La vocación es un don, un regalo, un regalo del cual uno cuando se hace más consciente, verdaderamente consciente, se hace más agradecido. Llamados a la vida, a la plenitud de la vida por el bautismo, llamados de entre los bautizados para un servicio particular al pueblo de Dios. Diáconos en camino al sacerdocio, para identificarse plenamente con Cristo, cabeza y pastor.

¿Podrán ser felices en este camino? Sin duda es una pregunta honda del corazón de cada uno, se la habrán hecho más de una vez. Sus padres, sin duda, se lo han preguntado también. ¿Podrán ser felices en este mundo haciendo como harán, en un rato, promesa de celibato? Yo quisiera, quiero, asegurarles que sí. Podrán ser felices ciertamente, siempre y cuando el evangelio que van a recibir hoy solemnemente sea vida en ustedes. La oración con que recibirán el libro de los santos evangelios dice: “Recibe el Evangelio de Cristo, del cual eres mensajero. Cree lo que lees. Enseña lo que crees. Practica lo que enseñas.” Cuanto más se alejen del evangelio, aun en esta vida ministerial que hoy comienza –si se alejan del evangelio-, se irán entristeciendo, amargando, se servirán de los demás, utilizarán el ministerio en su provecho; quizás recibirán aplausos, pero no cosecharán alegría.

La alegría y los santos como compañeros

Cuanto más vivan según el evangelio de Cristo, según ese evangelio que reciben y que a partir de hoy proclamarán en la asamblea, cuanto más vivan según el evangelio, no les faltará la alegría, ni aun en la cruz. Serán esos manantiales de agua viva, capaces de hacer fecundos los desiertos.

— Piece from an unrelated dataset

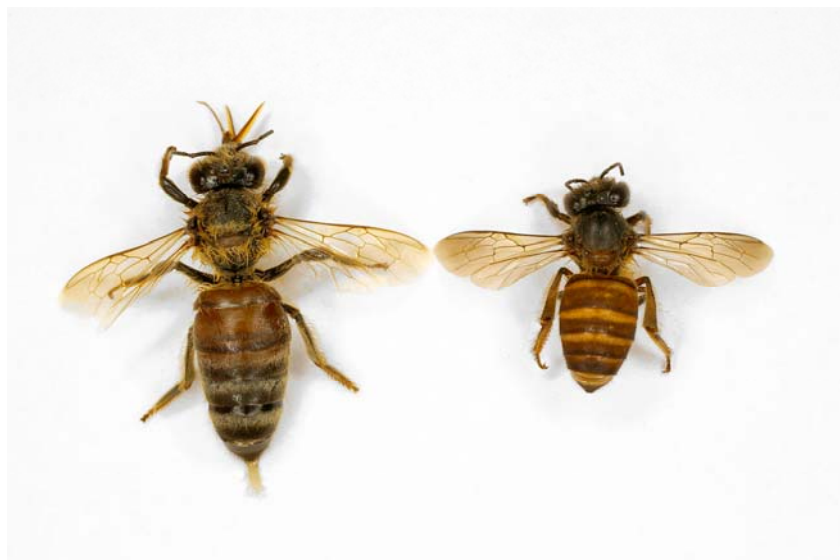
Figure 1: Apis mellifera and Apis cerana

Todos los santos que invocaremos en un rato en las letanías, los acompañarán sin duda. ¿Qué decir de los santos que ustedes prefieren, que ustedes aman, que tienen que ver con su vida, con su vocación, con su camino, con su elección?
Don Bosco, padre y maestro de los jóvenes; Domingo Savio, ese santo chiquilín; santa Margarita María, la que dialogó con el corazón de Jesús; el Cura de Ars, modelo sacerdotal, modelo de párroco; san Juan de la Cruz, el poeta místico; san Ignacio, que enseñó a toda la Iglesia a descubrir que vale la pena servir en ella para mayor gloria de Dios.

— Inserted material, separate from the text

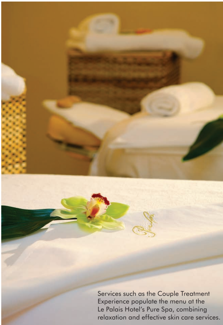
Services such as the Couple Treatment Experience populate the menu at the Le Palais Hotel's Pure Spa, combining relaxation and effective skin care services.

THE MOST IMPRESSIVE ASPECT OF THE MANDARIN ORIENTAL, PRAGUE SPA WAS THE SKILLFUL BLENDING OF THE HISTORICAL AND CULTURAL COMPONENTS OF THE CITY WITH A HIGHLY EFFECTIVE AND LUXURIOUS MODERN SPA EXPERIENCE.

¿Cómo no recordar hoy en esta Catedral al Siervo de Dios, monseñor Jacinto Vera, nuestro primer obispo, intrépido misionero, al que pronto queremos ver en nuestros altares? El hombre más amado en el Uruguay de la segunda mitad del siglo XIX, aun cuando sufrió persecuciones y calumnias.

Ahí tienes a tu hijo

Pero entre todos los santos destaca María, la madre de Dios, la virgen de Nazaret, la auxiliadora de los cristianos, Nuestra Señora de Caacupé, la Virgen de los Treinta y Tres, ¡tantos nombres!, pero es siempre María. A ella podemos recurrir con sencillez y humildad de hijos. Ella es modelo de servicio, modelo de vivir para la mayor gloria de Dios haciendo la voluntad del Padre. Ella es consuelo en la aflicción, y también causa de nuestra alegría. Ella nos agarra… del los pelos, en el momento del peligro, y no nos suelta.

Extendámosle a ella nuestra mano, que ella sea la mujer de sus vidas. A ella la recibió el discípulo Juan como un mandato de Jesús, en la cruz, la recibió en su propia casa, entre sus cosas, entre lo suyo. Que también ustedes hoy la reciban de un modo especial, nuevamente, como que Jesús, hoy, especialmente, le dice a su madre, “mira, ahí tienes a tu hijo”. Que María, vida, dulzura, y esperanza de todos los hijos, que a ella recurrimos, sea la mujer a la que siempre amen, la madre y discípula, la que les enseñe a seguir a Jesús, cada día, con mayor energía, con mayor voluntad, con mayor alegría.